BEGIN
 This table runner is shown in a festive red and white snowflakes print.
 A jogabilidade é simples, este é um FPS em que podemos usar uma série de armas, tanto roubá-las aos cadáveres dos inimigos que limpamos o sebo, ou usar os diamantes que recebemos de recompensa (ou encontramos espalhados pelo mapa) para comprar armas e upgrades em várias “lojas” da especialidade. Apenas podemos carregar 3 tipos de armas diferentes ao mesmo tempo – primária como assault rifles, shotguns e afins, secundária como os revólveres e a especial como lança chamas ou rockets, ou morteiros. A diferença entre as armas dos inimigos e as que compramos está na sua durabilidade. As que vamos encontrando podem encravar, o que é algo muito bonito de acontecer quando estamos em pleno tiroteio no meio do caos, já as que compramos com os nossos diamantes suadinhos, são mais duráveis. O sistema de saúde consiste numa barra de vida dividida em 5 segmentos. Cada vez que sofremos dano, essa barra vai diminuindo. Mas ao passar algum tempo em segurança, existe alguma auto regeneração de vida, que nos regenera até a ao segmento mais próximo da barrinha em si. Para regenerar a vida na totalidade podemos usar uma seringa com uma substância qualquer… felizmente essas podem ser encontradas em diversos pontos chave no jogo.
END
BEGIN
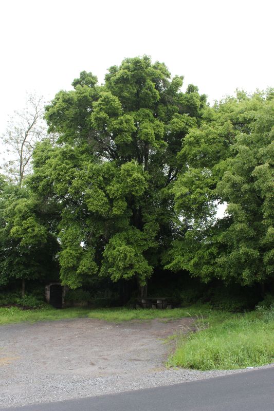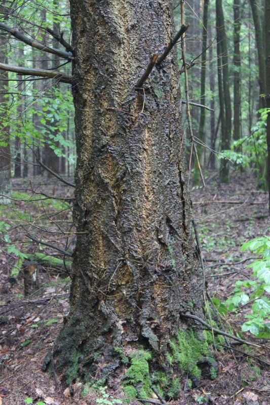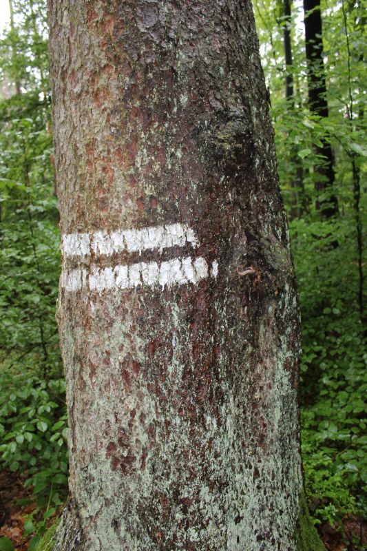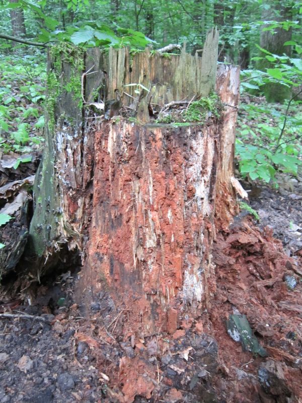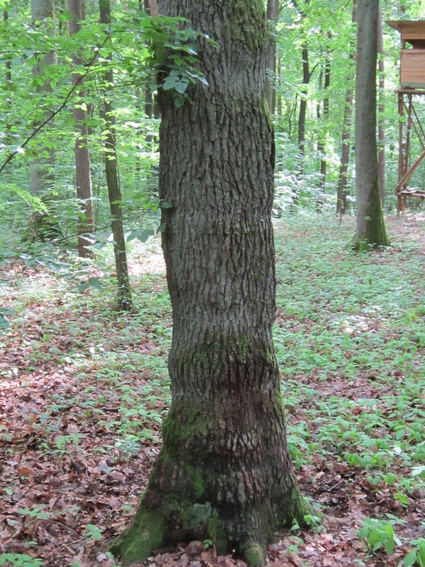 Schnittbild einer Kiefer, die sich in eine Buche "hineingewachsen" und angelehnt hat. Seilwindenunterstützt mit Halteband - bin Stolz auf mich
END
Problem to work on.
Once you find the line with "This table runner" above, print it and every line after it up to and including the line with "A jogabilidade é", exactly as written and nothing else.

Response.
 This table runner is shown in a festive red and white snowflakes print.
 A jogabilidade é simples, este é um FPS em que podemos usar uma série de armas, tanto roubá-las aos cadáveres dos inimigos que limpamos o sebo, ou usar os diamantes que recebemos de recompensa (ou encontramos espalhados pelo mapa) para comprar armas e upgrades em várias “lojas” da especialidade. Apenas podemos carregar 3 tipos de armas diferentes ao mesmo tempo – primária como assault rifles, shotguns e afins, secundária como os revólveres e a especial como lança chamas ou rockets, ou morteiros. A diferença entre as armas dos inimigos e as que compramos está na sua durabilidade. As que vamos encontrando podem encravar, o que é algo muito bonito de acontecer quando estamos em pleno tiroteio no meio do caos, já as que compramos com os nossos diamantes suadinhos, são mais duráveis. O sistema de saúde consiste numa barra de vida dividida em 5 segmentos. Cada vez que sofremos dano, essa barra vai diminuindo. Mas ao passar algum tempo em segurança, existe alguma auto regeneração de vida, que nos regenera até a ao segmento mais próximo da barrinha em si. Para regenerar a vida na totalidade podemos usar uma seringa com uma substância qualquer… felizmente essas podem ser encontradas em diversos pontos chave no jogo.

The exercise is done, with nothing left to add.